## What you will do
Take the entries below and print, exactly, the stretch from the line containing "Наиболее значительными и" through the line containing "A socialite Amanda, encenada", both included.

(Dataset items)
-- Opening Marker --
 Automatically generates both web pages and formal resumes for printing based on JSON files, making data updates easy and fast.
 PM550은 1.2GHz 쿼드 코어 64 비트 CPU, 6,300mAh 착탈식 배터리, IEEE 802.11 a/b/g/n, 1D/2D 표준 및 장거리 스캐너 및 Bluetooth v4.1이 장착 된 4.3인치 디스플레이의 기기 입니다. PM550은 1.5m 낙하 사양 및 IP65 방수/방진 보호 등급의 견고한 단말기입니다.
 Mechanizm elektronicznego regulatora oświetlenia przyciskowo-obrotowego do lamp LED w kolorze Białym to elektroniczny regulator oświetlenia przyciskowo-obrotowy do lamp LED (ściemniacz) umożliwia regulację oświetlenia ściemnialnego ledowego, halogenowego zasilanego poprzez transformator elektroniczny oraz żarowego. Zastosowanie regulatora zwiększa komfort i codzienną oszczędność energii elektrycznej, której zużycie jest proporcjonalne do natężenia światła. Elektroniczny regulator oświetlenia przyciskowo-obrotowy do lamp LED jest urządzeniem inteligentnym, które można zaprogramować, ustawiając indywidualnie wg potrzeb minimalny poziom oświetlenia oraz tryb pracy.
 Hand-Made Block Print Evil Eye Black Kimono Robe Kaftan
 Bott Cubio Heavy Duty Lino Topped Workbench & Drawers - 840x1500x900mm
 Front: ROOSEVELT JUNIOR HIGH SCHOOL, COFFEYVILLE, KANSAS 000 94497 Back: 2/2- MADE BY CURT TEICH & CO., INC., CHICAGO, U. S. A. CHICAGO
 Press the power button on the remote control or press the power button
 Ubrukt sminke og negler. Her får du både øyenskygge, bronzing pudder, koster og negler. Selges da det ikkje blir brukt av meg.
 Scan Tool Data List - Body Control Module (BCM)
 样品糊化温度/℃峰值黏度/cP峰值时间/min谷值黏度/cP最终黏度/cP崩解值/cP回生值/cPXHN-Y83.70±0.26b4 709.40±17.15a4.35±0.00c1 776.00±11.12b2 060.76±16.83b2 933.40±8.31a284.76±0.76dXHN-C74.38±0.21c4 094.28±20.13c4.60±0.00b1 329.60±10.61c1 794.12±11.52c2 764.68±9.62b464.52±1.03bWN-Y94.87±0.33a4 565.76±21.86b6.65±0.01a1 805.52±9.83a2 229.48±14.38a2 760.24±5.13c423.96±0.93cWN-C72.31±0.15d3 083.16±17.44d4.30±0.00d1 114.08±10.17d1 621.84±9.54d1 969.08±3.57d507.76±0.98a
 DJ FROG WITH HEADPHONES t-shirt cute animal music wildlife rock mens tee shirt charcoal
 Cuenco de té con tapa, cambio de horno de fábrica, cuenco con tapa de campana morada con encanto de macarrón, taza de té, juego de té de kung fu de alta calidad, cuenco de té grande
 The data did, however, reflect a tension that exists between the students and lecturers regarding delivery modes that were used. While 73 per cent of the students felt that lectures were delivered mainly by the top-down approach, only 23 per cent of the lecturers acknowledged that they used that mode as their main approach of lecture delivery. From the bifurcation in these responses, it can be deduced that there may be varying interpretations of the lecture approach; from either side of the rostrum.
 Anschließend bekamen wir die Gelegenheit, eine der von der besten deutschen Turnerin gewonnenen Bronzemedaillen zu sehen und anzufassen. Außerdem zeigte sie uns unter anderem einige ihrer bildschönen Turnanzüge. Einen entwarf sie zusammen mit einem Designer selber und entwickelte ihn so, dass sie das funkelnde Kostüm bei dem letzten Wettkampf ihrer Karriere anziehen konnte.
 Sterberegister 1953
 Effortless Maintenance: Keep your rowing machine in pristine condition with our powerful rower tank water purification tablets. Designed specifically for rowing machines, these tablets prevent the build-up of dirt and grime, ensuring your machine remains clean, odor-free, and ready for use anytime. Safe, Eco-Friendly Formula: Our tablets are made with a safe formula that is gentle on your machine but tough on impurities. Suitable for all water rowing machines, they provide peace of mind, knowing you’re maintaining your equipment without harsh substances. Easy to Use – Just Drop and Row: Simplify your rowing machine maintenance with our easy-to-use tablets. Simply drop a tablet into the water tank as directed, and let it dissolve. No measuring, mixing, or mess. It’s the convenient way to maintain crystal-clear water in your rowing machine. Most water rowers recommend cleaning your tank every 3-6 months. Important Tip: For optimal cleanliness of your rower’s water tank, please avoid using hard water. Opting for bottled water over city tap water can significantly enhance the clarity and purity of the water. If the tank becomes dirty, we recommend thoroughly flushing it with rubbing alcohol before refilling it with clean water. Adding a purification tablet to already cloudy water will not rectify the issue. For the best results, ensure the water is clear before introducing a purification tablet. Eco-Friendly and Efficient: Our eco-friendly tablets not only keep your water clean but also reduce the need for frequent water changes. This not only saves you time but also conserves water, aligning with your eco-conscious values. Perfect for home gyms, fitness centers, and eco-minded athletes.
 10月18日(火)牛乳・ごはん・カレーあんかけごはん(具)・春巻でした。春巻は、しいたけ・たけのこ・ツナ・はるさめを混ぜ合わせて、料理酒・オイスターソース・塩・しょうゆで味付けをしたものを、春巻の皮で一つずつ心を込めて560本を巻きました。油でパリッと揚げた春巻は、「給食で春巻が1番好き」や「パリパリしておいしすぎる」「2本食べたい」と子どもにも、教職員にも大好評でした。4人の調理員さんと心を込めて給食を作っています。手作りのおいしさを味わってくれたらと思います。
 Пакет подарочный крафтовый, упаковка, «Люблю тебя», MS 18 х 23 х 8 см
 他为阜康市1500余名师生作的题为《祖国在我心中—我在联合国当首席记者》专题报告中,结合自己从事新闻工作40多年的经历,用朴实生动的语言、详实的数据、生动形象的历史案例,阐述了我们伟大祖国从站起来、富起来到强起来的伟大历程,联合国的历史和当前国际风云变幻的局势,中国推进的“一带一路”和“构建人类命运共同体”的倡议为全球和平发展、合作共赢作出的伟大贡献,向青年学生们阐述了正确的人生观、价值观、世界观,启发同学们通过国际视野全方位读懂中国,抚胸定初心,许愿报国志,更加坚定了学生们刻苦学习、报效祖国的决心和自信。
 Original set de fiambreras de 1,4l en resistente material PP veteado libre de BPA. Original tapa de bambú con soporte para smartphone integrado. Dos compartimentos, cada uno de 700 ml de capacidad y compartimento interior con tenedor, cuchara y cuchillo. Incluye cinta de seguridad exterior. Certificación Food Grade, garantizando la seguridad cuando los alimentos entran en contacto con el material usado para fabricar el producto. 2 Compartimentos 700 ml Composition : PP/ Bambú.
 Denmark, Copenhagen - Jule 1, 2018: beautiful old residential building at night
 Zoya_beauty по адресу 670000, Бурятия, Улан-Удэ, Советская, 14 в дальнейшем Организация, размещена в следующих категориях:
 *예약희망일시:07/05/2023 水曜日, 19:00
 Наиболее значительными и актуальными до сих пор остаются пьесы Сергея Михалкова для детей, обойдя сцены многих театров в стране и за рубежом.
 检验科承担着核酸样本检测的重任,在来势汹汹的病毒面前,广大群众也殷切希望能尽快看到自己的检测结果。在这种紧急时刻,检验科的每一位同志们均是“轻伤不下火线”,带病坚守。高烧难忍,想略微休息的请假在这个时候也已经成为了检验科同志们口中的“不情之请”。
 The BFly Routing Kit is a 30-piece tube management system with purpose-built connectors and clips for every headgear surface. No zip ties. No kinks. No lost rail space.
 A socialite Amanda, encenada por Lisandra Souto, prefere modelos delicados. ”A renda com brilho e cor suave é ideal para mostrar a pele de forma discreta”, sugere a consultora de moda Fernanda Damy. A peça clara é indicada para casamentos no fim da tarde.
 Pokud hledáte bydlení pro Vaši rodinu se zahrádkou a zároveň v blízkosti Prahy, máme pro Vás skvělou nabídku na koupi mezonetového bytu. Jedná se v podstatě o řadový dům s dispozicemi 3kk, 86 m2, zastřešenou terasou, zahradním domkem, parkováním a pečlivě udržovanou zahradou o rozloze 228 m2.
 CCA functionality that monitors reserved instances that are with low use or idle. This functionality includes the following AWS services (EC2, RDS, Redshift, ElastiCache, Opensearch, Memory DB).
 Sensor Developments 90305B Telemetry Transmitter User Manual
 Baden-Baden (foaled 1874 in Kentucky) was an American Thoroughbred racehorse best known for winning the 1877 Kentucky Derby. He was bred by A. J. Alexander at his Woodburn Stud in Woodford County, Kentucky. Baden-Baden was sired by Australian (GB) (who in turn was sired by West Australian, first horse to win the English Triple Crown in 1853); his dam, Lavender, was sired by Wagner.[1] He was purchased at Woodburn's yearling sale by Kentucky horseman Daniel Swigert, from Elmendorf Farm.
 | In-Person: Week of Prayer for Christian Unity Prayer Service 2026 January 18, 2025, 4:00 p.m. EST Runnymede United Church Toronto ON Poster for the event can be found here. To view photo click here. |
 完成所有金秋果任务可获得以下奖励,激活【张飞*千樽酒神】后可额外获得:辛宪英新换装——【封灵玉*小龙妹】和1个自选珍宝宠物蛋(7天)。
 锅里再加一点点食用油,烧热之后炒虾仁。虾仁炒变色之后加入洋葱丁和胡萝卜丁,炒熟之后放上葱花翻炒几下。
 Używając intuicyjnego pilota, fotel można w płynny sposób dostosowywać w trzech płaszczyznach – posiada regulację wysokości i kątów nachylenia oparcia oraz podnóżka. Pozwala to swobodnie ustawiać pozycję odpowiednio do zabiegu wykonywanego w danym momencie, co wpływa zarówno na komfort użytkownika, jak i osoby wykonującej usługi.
-- Closing Marker --
## Finished task
 Наиболее значительными и актуальными до сих пор остаются пьесы Сергея Михалкова для детей, обойдя сцены многих театров в стране и за рубежом.
 检验科承担着核酸样本检测的重任,在来势汹汹的病毒面前,广大群众也殷切希望能尽快看到自己的检测结果。在这种紧急时刻,检验科的每一位同志们均是“轻伤不下火线”,带病坚守。高烧难忍,想略微休息的请假在这个时候也已经成为了检验科同志们口中的“不情之请”。
 The BFly Routing Kit is a 30-piece tube management system with purpose-built connectors and clips for every headgear surface. No zip ties. No kinks. No lost rail space.
 A socialite Amanda, encenada por Lisandra Souto, prefere modelos delicados. ”A renda com brilho e cor suave é ideal para mostrar a pele de forma discreta”, sugere a consultora de moda Fernanda Damy. A peça clara é indicada para casamentos no fim da tarde.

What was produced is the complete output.